With defeat sometimes comes the infusion to move forward, change paths, re-organize and gain strength. In the case of Proposition 8, the LGBT community responded accordingly with a show of support through demonstrations directed at those who provided financial support to pass the measure has certainly raised awareness. As a result, many attitudes changed and more acceptance was achieved.

In the wake of excitement over our new president, my mother said to me that she hopes she lives long enough to see a gay president. My response? Amen to that!

What we have learned in our community about opposition to being accepted and provided with the same rights as others is that it is largely religious based. Although there are religious groups, such as the Metropolitan Community Church and select other Christian churches who open their doors to our community and some religions, such as Buddhism, where it matters to no one your sexual orientation, education must continue to be targeted to religious groups.

My mom, who is not a fan of organized religion, tells me her local chapter of PFLAG is going out to these communities to do just that – educate. It’s going to be a long haul to get from equal rights to the presidency, but we have to look back at history and acknowledge how far we have come.

Leaders, such as John F. Kennedy, Robert F. Kennedy and Martin Luther King carved a path for civil rights more than 40 years ago. These leaders not only had superior qualities in communicating but in action. They also each brought their faith into the fight.

Although it may not be possible to educate those groups who do not accept human evolution even though science has proven over and over again that homosexuality is genetic based and not a chosen lifestyle, there will be those whose attitudes will change just like others have in the past.

We must look back at history to see the slowly changing acceptance one instance at a time. The movie “Milk” can provide a great historical overview of changing times and attitudes towards the LGBT community. Harvey Milk was relentless with his charge that rallied the masses to fight discrimination. Many would have said his fight was useless until they witnessed the change he inspired and brought forth. Rights we are entitled to today are a direct reflection of Harvey Milk’s leadership and many others who followed. We can acknowledge each step to equality but we must not accept that where we are now is enough, otherwise change will not ensue.

A few years into the AIDS crisis a friend of mine died from the disease. Although he was raised in the Christian faith, finding a church that would allow us to hold a service for him became a huge challenge. At that time AIDS had been characterized as the “gay plague” and some referred to it as God’s retribution for an “unacceptable” lifestyle.

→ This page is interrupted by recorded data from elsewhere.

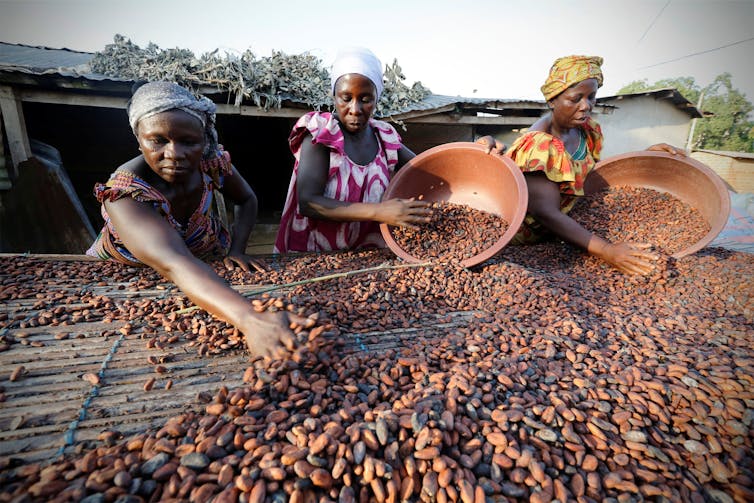 Women from a local cocoa farmers’ association spread cocoa beans to dry in Djangobo, Niable in eastern Ivory Coast.
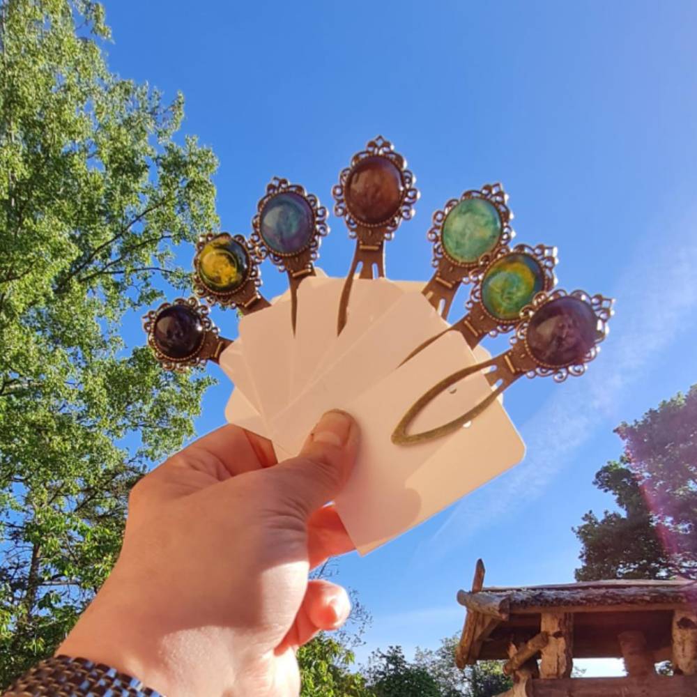 Die Lesezeichen mit Metallklammer und einem dekorativen Cabochon aus Epoxidharz wurde liebevoll von Hand gearbeitet – ein stilvolles und praktisches Accessoire für Bücherwürmer.
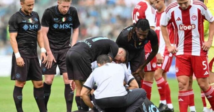 Más notícias para o Napoli. Romelu Lukaku se machucou no amistoso contra o Olympiacos e, nesta segunda-feira (18), o clube confirmou que a lesão é séria. O atacante belga sofreu um problema grave na coxa esquerda e, segundo a imprensa italiana, pode ficar afastado dos gramados por quatro a cinco meses.
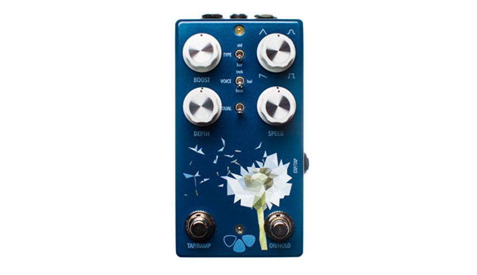 The Dandelion is feature rich in a small package. It features both standard and harmonic tremolo, along with 3 voicings for the harmonic mode. Controls are available for Boost, Depth, Speed, and Shape. An extra footswitch is available for tap tempo as well as ramping.
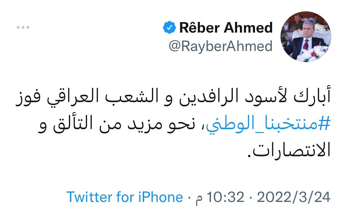 وقال أحمد، في تغريدة على تويتر تابعتها الرشيد، “ابارك لاسود الرافدين والشعب العراقي فوز منتخبنا الوطني، نحو مزيد من التألق والانتصارات”.
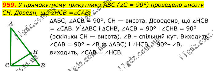 У прямокутному трикутнику ABC (∠C = 90°) проведено висоту CH. Доведи, що ∠HCB =∠CAB. ∆ABC, ∠ACB = 90°, CH — висота. Доведемо, що ∠HCB = ∠CAB. У ∆ABC і ∆CHB, ∠ACB = 90° і ∠CHB = 90° (оскільки CH — висота). ∠B – спільний кут. Виходить, ∠CAB = 90° – ∠B (з ∆АВС) і ∠HCB = 90°– ∠B, виходить, ∠CAB = ∠HCB.
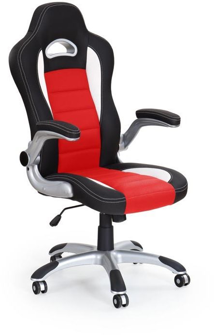 En härligt kontorsstol med en modern design. Tillverkad i metall med detaljer i svart plast, och en mycket behaglig klädsel i svart, vitt och rött konstläder. Höj- och sänkbar sits med hjälp av spaken under sitsen och lätt att förflytta tack vare hjulen på stjärnfoten.

It seemed to have made little difference to churches that this man was also a son, a brother, an uncle and above all a human being.

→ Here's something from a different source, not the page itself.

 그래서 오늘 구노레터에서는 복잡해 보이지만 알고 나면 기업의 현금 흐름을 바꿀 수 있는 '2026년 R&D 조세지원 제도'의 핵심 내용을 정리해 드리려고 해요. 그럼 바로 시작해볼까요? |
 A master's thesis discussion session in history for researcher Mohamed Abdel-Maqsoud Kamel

Luckily, we found a Presbyterian Church that welcomed us. The minister began the funeral service with a story. He told the story of a European village where its inhabitants had suffered a terrible plague. It was a largely Catholic village where a non-Catholic nurse cared for the sick villagers. Eventually the nurse contracted and succumbed to the sickness herself, sacrificing her own life to care for others.

Because she was not Catholic, her body was buried outside the fence to the cemetery where many of those she cared for were laid to rest. The next morning, villagers passing the cemetery noticed that during the night someone had moved the fence to include the nurse’s grave.

History has taught us that attitudes can change and people become more accepting of others who are different. I find great solace in knowing that the younger generation finds the issue of gay marriage a non-issue and can’t understand why anyone would find the love between two consenting adults threatening to anyone else.

Maybe it will be this younger generation, who were instrumental in getting Barack Obama into the White House, who will help us get closer to our equality goals. However, if we expect to see a gay president someday we will, as a country, have to keep moving the fence.